Observations on life

Car sales booming, but at what cost❓

Here’s a bit  of news; auto sales aren’t booming because of the economy, but rather because of increased lending and subprime lending at that. Sound familiar⁉️

Sko­pos sold its first bond deal backed by pools of sub­prime loans in April. The compa­ny’s sec­ond deal was the November trans­ac­tion, which raised $154 mil­lion. The bonds are backed by more than 10,000 loans, with terms av­er­ag­ing 5.6 years and in­ter­est rates of about 20%.

Some 87% of the loans were to borrow­ers with credit scores be­low 600, on a scale of 300 to 850. A third of those had scores be­low 500 or no credit scores at all.

Source: Subprime Flashback: Early Defaults Are a Warning Sign for Auto Sales, WSJ 3-14-16

No doubt there are some people who actually need a new car, for many people a car is a necessity. For others a new car may be desirable; something other than basic transportion is a luxury. Think what these folks are actually paying for a vehicle over five plus years at 20%. A $28,000 loan will cost $46,379 with payments of $703 per month. 

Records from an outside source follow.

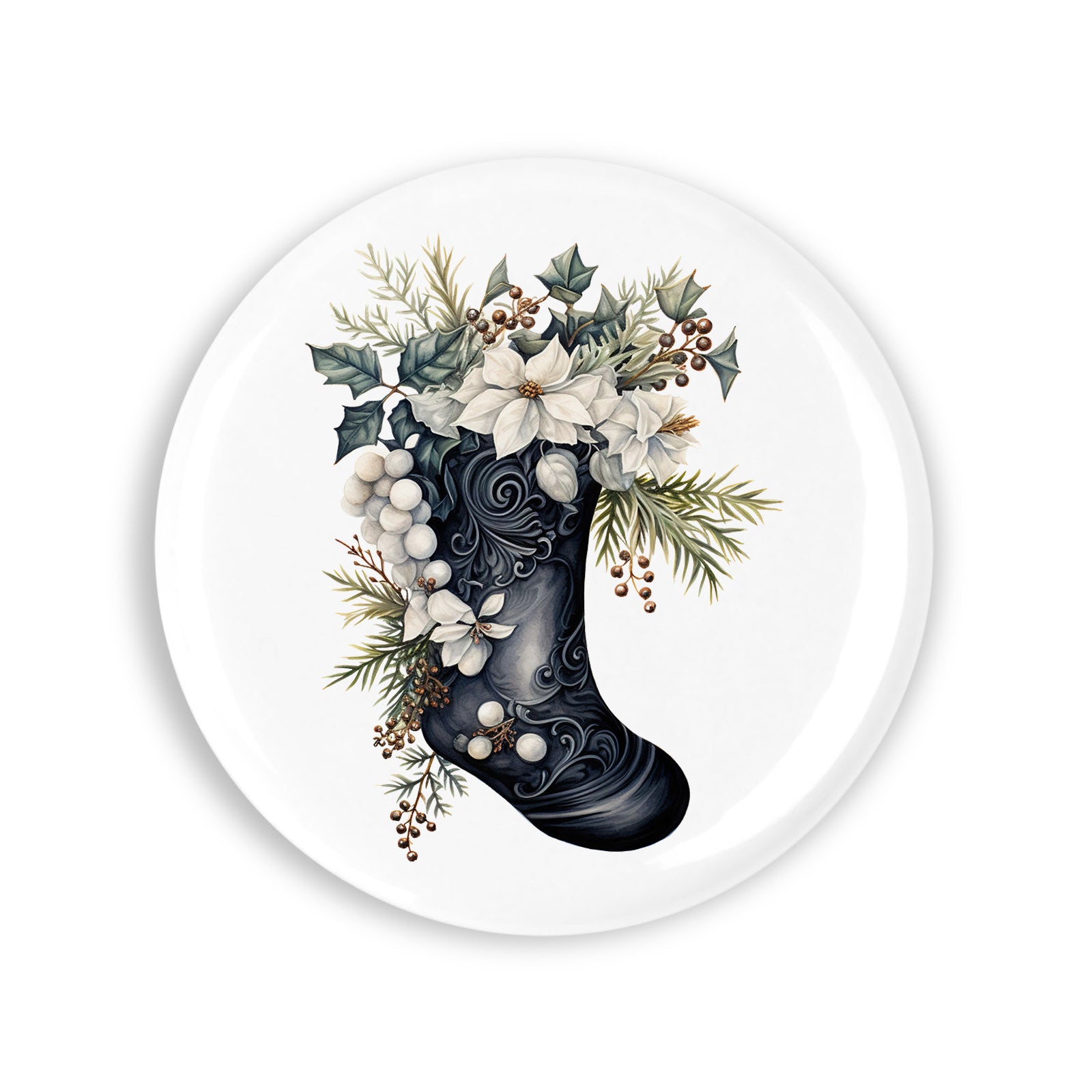 Set 4 insigne, Ghetuta neagra cu flori albe, NO1356, Metal, 44 mm, Multicolor
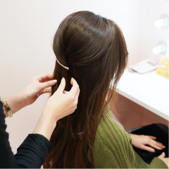 前髪ウィッグとハーフウィッグは装着ピンでとめるタイプです。着けた後に触っても簡単にはズレにくくピッタリ安定します。
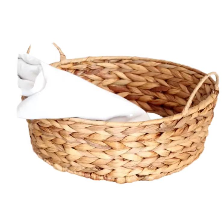 Natural Fiber Storage Baskets Round Water Hyacinth Basket with Woven Handles for Living Room Bedroom Laundry Use from Vietnam
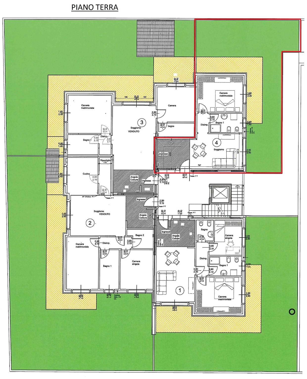 L'appartamento è composto da ampia zona giorno living con cucina a vista con affaccio su un giardino privato di circa 80 mq. sui 2 lati dell'appartamento, disimpegno notte con una camera matrimoniale con uscita sul giardino, bagno finestrato con doccia e attacco lavatrice.
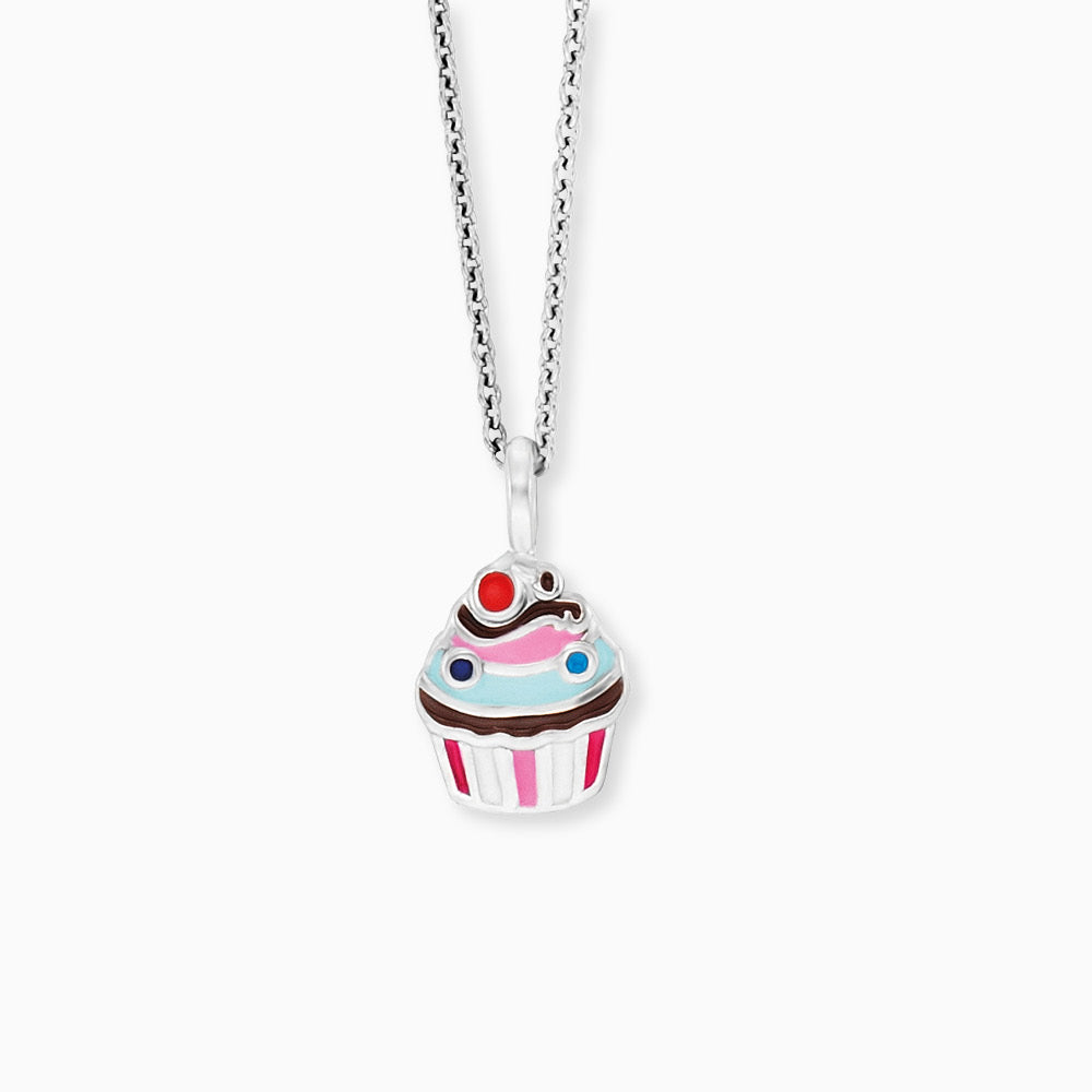 Kinder Halskette 925er Silber Muffin mit Emaille

By the way, the top three selling vehicles in 2015 were trucks, for non-commercial buyers probably not in the necessity class. 


2 replies »

  1. The bankers do not care about sub prime loans defaulting, at least there is a car to repo and are going to make as much as they can off stupid people. They know in the end if things go wrong they will just get the government to bail them out again.
    Or write off the losses against profits on the loans that stay current. So, the taxpayer loses out again with lost tax revenues.

    I read the article and 85% of the loans are current, so if that holds for the entire time the cars are financed it should work out ok.
    I have a friend who did a 17% auto loan and after a year of no missed payments, he was able to refinance with a local credit union at 8%.


  2. I do not blame the dealership or the bankers for this one. The lenders have priced in the risk at 20% rate. I blame the buyers who just want too much and more than they can afford. If the dealers didn’t sell them a new car that might last the length of the loan, the buyers would buy a used car at a pay here car lot at 20% or more interest if they truly needed a car.

    I bought my first car in 1982 at 18%. The monthly payment was about 20% of my monthly income at the time and I was still living at home. To put it in perspective, mortgage rates were racing up to and over 14% at the time. So my car loan was only about 4-5 points over a mortgage, not the 16 points that a 20% car loan is today. A 20% car loan just screams bad deal or bad credit. Once again this shows the need not for free college but a year of personal finance education in high school.